The authors point out some of the logistical difficulties involved. The mainstream media will be all over the event like flies in a barnyard. Gathering data on the insurgents will be problematic. Any outrageous behavior by those forces will likely generate support for the rebels. Facebook, Twitter and other electronic media will provide information to observers outside the control of the mainstream media. The soldiers will no doubt have loyalties to people they know who are living in Darlington, and so their response to orders to put down the resurrection by firing on them may be questionable. Say the authors: “Countering Al Qaeda web-based propaganda is one thing, countering domestic information bombardments is another … entirely.”
But job one is to put pressure on the rebels and force them to give up their control by persuading them that their efforts are fruitless and continued resistance will be disastrous for them:
The pace of the operation needs to be deliberate and controlled. Combat units will conduct overt Show of Force operations to remind the insurrectionists they are now facing professional military forces, with all the training and equipment that implies. Army and Marine units will remove road blocks and check points both overtly and covertly with minimum essential force to ratchet up pressure continually on insurrectionist leadership…
Federal forces continue to tighten the noose as troops seize and secure power and water stations, radio and TV stations, and hospitals. The final phase of the operation, restoring order and returning properly elected officials to their offices, will be the most sensitive.

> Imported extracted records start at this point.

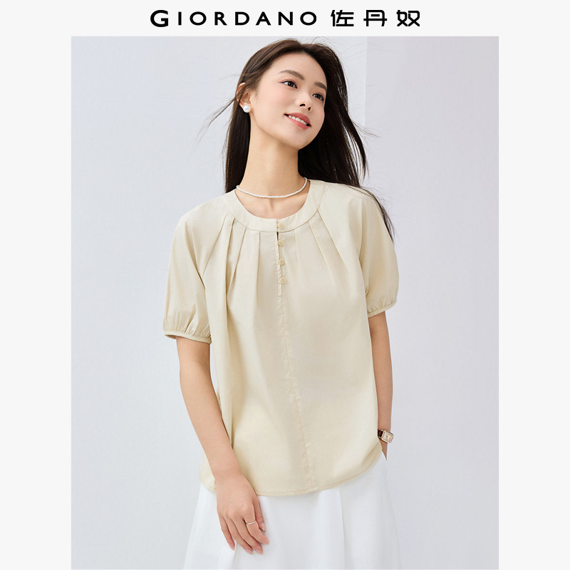 佐丹奴短袖衬衫女纯棉府绸优雅风压褶圆领半开襟气质小衫13345308
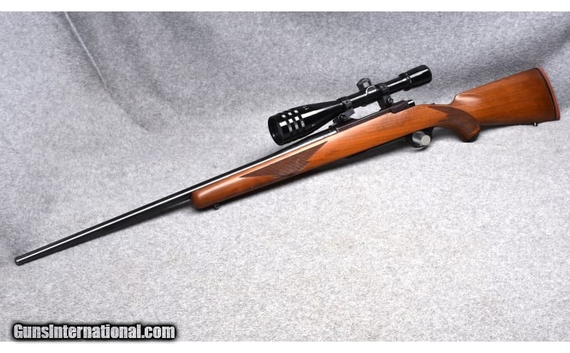 Description: 1971 DOM, 41 3/8" OAL 13" LOP, Tang Safety. .22-250 Remington SOLD Metal Condition: Excellent Wood Condition: Excellent Bore Condition: Bright and Shiny Barrels: 22 inches Stock Dimensions: Shortened Butt Pad: Ruger Red Pad Weight: 8.5 lbs. Sights: Weaver 15x Item Location: Reno |
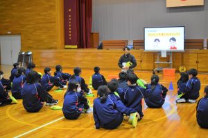 はじめに、子供たちは今井先生の話をよく聞き、ボールドリブル等の基礎となる動きを楽しみました。
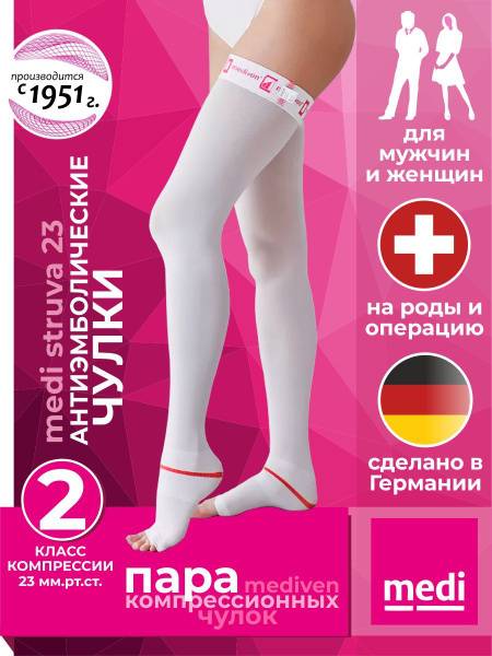 Mediven Struva 23, compression stockings, class 2 compression, medical compression stockings, venous insufficiency, deep vein thrombosis (DVT), post-surgical recovery, phlebectomy, thermal ablation, varicose veins, venous thrombosis prevention, thromboembolic complications (VTE), Medi, Germany, medical grade compression, two-way stretch, breathable, silicone grip, ФСЗ 2011/09660, white compression stockings, compression therapy.
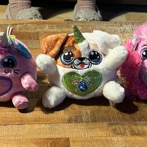 6 søde rainbowcorns. De store mangler desværre deres plastic hjerter. Men ellers er de fine. Sælges samlet. Ikke ryger hjem.
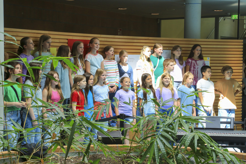 Der Abend beginnt mit dem Unterstufenchor unter der Leitung von Frau Kröger des Emil-von-Behring-Gymnasiums, der in Kurzfassung Szenen aus dem Musical „Der kleine Tag“ – als Vorgeschmack auf das bald folgende Musical präsentiert. Zwei kleine Tage – zwei kleine lebendige Lichtwesen, die nur ein einziges Mal zur Erde reisen dürfen, erleben hier bei uns auf der Erde zauberhafte Alltagsmomente vertont durch Frau Kröger am Flügel und dem Chor, aber durch wunderbare Solostimmen. Es lässt die Vorfreude auf die Musicalaufführungen steigen: am 17./ und 19. Juni wird „Der Kleine Tag“ hier an Ort und Stelle und in voller Länge aufgeführt.

The fate of the rebels is certain. Faced with overwhelming force by trained professionals in the art of killing and “securing rebel territory,” it’s just a matter of time. Conclude the authors:
War, and the use of federal military force on U.S. soil, remains an extension of policy by other means.

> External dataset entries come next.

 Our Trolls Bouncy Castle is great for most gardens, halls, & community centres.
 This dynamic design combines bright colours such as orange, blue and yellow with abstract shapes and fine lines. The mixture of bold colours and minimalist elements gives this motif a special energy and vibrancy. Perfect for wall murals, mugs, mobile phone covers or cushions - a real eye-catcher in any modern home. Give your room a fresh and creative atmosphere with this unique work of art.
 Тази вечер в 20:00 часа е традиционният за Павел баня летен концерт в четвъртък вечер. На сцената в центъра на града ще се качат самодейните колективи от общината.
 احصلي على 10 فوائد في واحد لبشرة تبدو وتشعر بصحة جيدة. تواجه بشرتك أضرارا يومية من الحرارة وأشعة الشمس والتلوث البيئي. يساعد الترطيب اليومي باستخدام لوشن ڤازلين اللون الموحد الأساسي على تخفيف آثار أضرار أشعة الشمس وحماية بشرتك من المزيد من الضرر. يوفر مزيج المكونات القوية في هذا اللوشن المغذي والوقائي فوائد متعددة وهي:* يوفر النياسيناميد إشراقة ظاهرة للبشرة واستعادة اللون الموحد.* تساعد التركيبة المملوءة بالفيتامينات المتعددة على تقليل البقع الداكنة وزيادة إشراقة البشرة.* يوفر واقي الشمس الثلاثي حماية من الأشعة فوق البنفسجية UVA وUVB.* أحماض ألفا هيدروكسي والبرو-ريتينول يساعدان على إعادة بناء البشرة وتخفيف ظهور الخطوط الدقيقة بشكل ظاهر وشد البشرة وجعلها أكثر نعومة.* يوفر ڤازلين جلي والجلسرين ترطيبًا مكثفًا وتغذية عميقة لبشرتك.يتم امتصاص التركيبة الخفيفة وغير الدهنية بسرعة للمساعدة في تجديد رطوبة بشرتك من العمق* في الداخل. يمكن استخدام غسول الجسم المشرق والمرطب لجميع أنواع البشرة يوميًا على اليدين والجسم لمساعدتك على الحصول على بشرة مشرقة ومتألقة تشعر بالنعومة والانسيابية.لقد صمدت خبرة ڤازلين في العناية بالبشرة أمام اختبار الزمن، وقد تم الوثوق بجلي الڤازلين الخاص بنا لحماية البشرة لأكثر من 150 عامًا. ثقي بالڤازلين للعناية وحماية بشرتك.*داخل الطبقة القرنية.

Given the invocation of the Insurrection Act, the federal government must defeat the insurrection, preferably with minimum force. Insurrectionists and their sympathizers must have no doubt that an uprising against the Constitution will be defeated. Dealing with the leaders of the insurrection can be left to the proper authorities, but drawing from America history, military advice would suggest an amnesty for individual members of the militia and prosecution for leaders of the movement who broke the law.
But such an outcome will be certain only if the curricula in the various war colleges includes a careful assessment and development of plans to neutralize such “threats” to national sovereignty:
The subject of how American armed forces will conduct security and defense operations within the continental U.S. must be addressed in the curricula of our Staff and War Colleges.